» Work instruction: Below are records; the lines starting at the one with "from trusted sources." and ending at the one with "The 26650 lithium" must be reproduced exactly, both included. Pictures must not appear.

*** Opening Input data ***

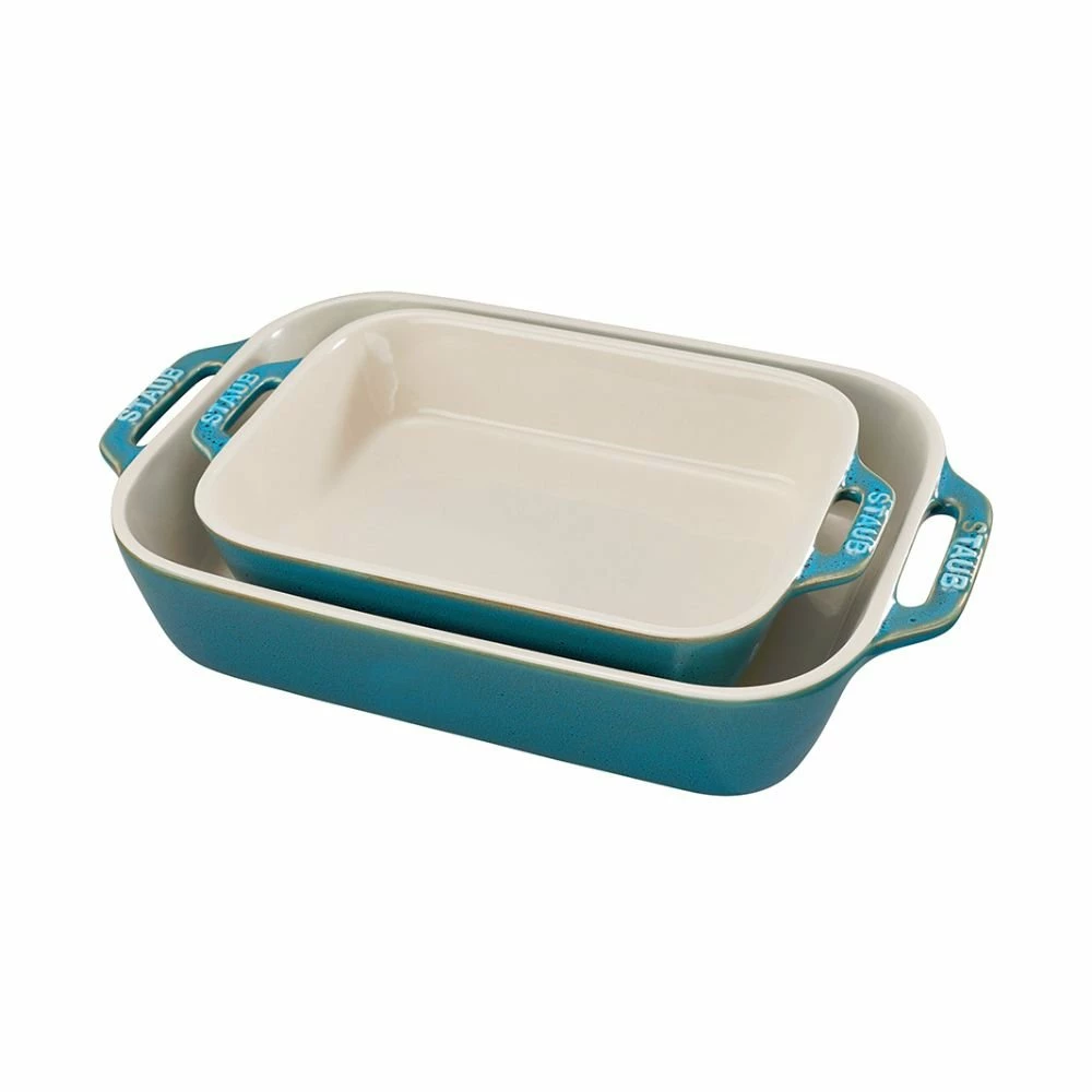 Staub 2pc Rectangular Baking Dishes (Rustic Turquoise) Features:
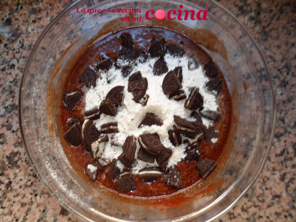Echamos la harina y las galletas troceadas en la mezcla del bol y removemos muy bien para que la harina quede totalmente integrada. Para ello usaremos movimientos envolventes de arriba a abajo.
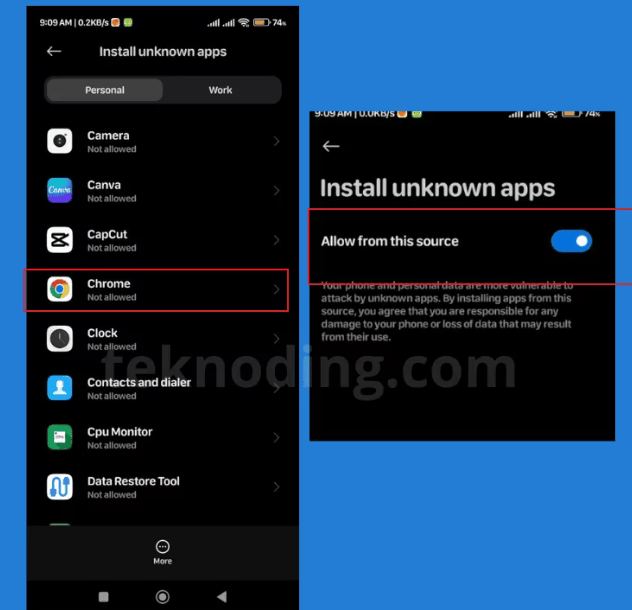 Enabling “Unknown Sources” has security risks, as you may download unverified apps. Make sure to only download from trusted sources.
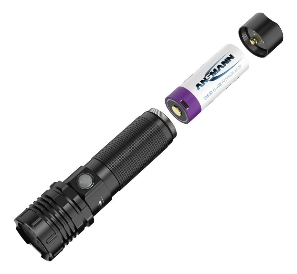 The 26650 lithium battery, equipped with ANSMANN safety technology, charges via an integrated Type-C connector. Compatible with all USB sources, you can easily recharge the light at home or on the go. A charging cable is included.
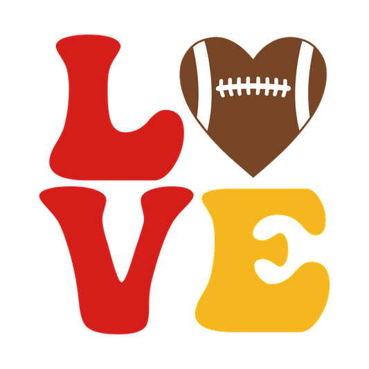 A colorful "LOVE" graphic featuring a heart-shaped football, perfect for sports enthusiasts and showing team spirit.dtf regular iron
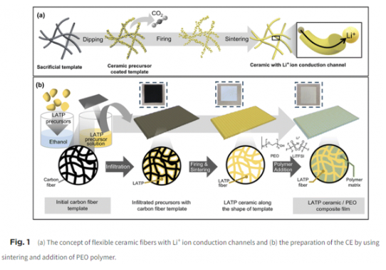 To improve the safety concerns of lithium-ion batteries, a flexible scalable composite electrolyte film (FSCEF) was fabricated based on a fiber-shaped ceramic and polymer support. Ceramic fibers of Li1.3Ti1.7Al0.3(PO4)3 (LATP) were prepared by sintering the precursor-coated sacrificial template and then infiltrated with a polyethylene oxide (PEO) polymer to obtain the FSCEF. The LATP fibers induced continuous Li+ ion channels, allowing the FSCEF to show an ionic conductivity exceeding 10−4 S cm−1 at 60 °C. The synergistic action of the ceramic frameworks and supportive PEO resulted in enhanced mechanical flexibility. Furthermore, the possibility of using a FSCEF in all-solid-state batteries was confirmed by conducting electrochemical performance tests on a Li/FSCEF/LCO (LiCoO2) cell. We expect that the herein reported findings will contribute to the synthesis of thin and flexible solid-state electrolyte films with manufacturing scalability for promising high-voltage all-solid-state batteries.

*** Closing Input data ***

» Output of the exercise:
 Enabling “Unknown Sources” has security risks, as you may download unverified apps. Make sure to only download from trusted sources.
 The 26650 lithium battery, equipped with ANSMANN safety technology, charges via an integrated Type-C connector. Compatible with all USB sources, you can easily recharge the light at home or on the go. A charging cable is included.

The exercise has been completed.